Eirwyn George (1936 – 9 April 2026) was a Welsh poet and teacher. He won the crown of the National Eisteddfod of Wales in 1982 and 1993, earning him the title of Prifardd.

==Life==
Born in Tufton, Pembrokeshire, an only child, his father was a farmer who had a taste for composing verses to celebrate special occasions in the area. When Eirwyn was nine years old, the family moved to Castellhenri farm between the villages of Maenclochog and Chas-mael.

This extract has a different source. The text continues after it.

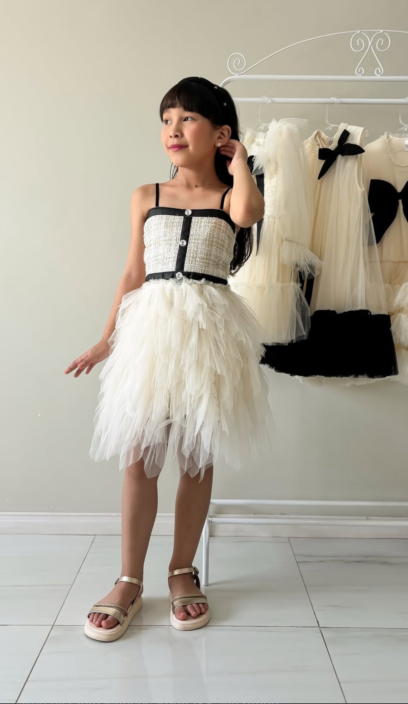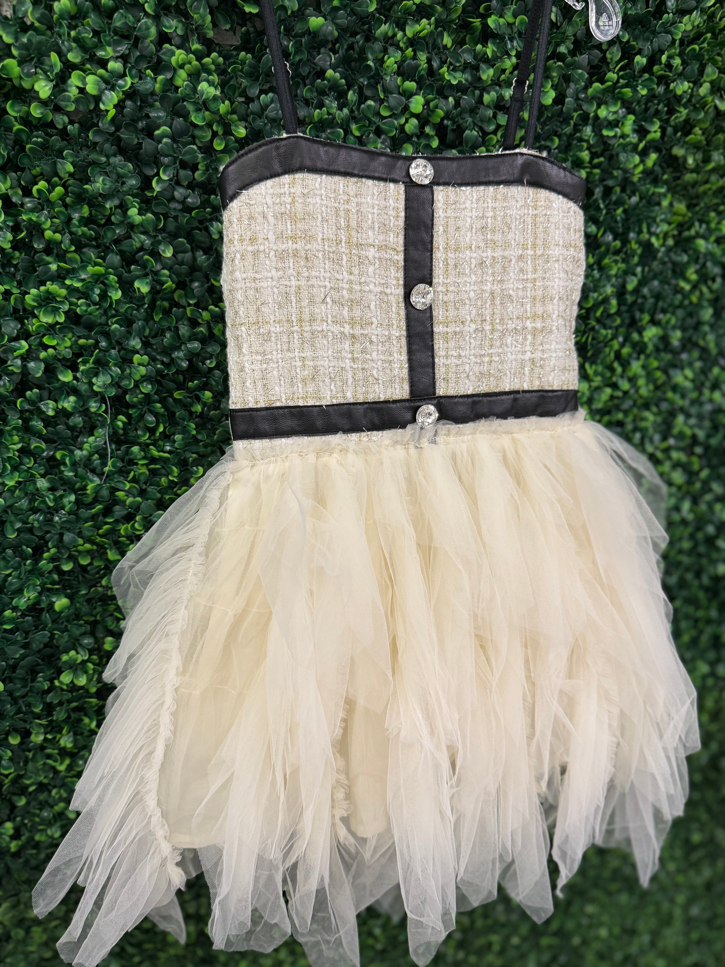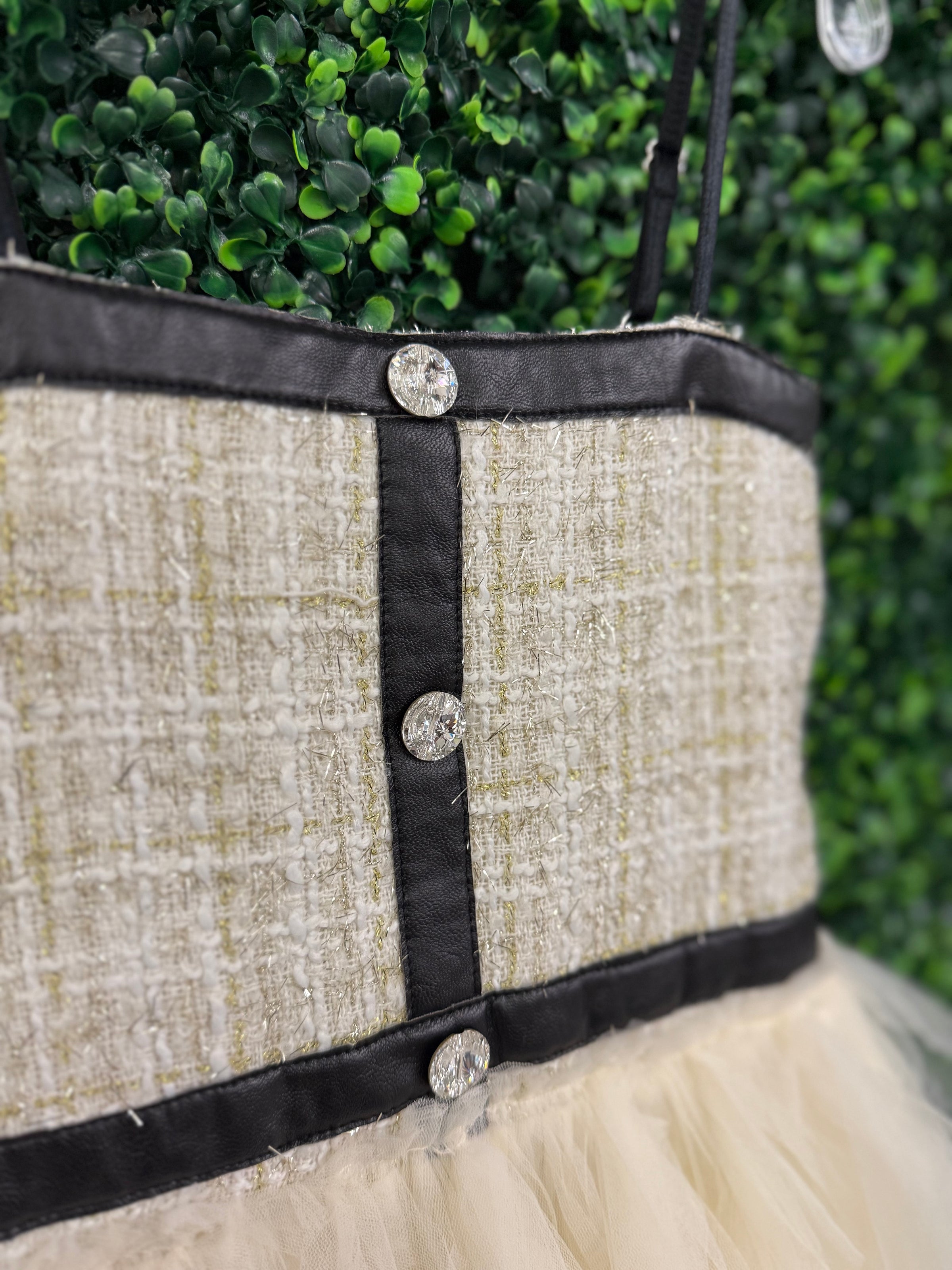 Elevate your little one’s wardrobe with this gorgeous two piece set. The lux ivory and gold tweed color makes it perfect for any event. The dress features a modern relaxed fit with adjustable straps and faux leather detailin. Swavorski crystal buttons adorn the dress and the lady jacket. Dress is soft and comfortable. Elastic waistband with a beautiful asymmetrical tulle skirt perfect for twirling!

George attended Ysgol Garnochor and later obtained a specialized honors degree in Welsh in 1967 from Coleg Ger y Lli. He became a teacher of Welsh and History at Narberth Secondary School and Ysgol y Preseli, Crymych, and later, Activities Librarian at the County Library in Haverfordwest. He was also He was chaplain and Honorary President of the Waldo Society, which published an anthology of lectures in 2024, with Eirwyn George as one of its editors.

In June 2026 he was posthumously announced as an honorary president of the Eisteddfod y Garreg Las.

==Personal life==
Eirwyn George and his wife (since 1981), Maureen, lived at Maenclochog.

==Death==
Eirwyn George died on 9 April 2026, at the age of 89.